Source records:
********

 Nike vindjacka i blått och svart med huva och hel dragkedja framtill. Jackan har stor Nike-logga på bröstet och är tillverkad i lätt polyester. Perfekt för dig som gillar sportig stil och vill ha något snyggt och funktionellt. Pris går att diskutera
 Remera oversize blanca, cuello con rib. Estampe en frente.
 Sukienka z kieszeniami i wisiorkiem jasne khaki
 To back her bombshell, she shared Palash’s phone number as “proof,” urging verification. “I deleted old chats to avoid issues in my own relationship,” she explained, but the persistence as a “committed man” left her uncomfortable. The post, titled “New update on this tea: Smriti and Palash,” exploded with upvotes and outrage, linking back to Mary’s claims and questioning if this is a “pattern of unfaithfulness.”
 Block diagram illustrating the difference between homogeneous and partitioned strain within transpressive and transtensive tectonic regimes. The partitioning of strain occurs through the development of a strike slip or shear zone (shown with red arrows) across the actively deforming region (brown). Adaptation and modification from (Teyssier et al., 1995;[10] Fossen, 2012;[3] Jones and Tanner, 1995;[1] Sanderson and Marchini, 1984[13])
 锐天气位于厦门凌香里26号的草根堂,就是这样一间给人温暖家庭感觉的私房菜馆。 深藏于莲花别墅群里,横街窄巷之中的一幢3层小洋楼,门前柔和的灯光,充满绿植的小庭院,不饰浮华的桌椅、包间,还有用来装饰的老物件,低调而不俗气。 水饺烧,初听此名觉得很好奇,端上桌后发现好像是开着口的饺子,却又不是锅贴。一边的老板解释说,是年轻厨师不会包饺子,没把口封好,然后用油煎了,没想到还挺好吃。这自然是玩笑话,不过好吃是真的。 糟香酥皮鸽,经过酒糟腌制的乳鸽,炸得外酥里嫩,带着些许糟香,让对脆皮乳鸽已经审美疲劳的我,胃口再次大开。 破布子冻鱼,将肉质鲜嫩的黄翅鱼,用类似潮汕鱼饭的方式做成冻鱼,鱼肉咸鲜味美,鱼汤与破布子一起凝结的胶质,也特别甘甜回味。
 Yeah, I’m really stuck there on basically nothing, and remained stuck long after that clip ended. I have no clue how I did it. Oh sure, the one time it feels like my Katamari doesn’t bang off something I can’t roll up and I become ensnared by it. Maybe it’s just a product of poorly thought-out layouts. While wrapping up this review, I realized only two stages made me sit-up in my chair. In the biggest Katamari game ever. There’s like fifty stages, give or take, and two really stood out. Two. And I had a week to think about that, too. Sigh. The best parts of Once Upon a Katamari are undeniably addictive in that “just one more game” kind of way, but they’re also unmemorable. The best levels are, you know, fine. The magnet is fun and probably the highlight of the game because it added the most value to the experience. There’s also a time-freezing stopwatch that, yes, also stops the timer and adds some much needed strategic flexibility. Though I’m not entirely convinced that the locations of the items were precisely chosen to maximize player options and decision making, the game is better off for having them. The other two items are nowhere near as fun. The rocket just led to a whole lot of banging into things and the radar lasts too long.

********

Exercise instructions:
Lines from the start of the entries through the one containing "Block diagram illustrating" are to be set down again exactly, both ends included.

Response:
 Nike vindjacka i blått och svart med huva och hel dragkedja framtill. Jackan har stor Nike-logga på bröstet och är tillverkad i lätt polyester. Perfekt för dig som gillar sportig stil och vill ha något snyggt och funktionellt. Pris går att diskutera
 Remera oversize blanca, cuello con rib. Estampe en frente.
 Sukienka z kieszeniami i wisiorkiem jasne khaki
 To back her bombshell, she shared Palash’s phone number as “proof,” urging verification. “I deleted old chats to avoid issues in my own relationship,” she explained, but the persistence as a “committed man” left her uncomfortable. The post, titled “New update on this tea: Smriti and Palash,” exploded with upvotes and outrage, linking back to Mary’s claims and questioning if this is a “pattern of unfaithfulness.”
 Block diagram illustrating the difference between homogeneous and partitioned strain within transpressive and transtensive tectonic regimes. The partitioning of strain occurs through the development of a strike slip or shear zone (shown with red arrows) across the actively deforming region (brown). Adaptation and modification from (Teyssier et al., 1995;[10] Fossen, 2012;[3] Jones and Tanner, 1995;[1] Sanderson and Marchini, 1984[13])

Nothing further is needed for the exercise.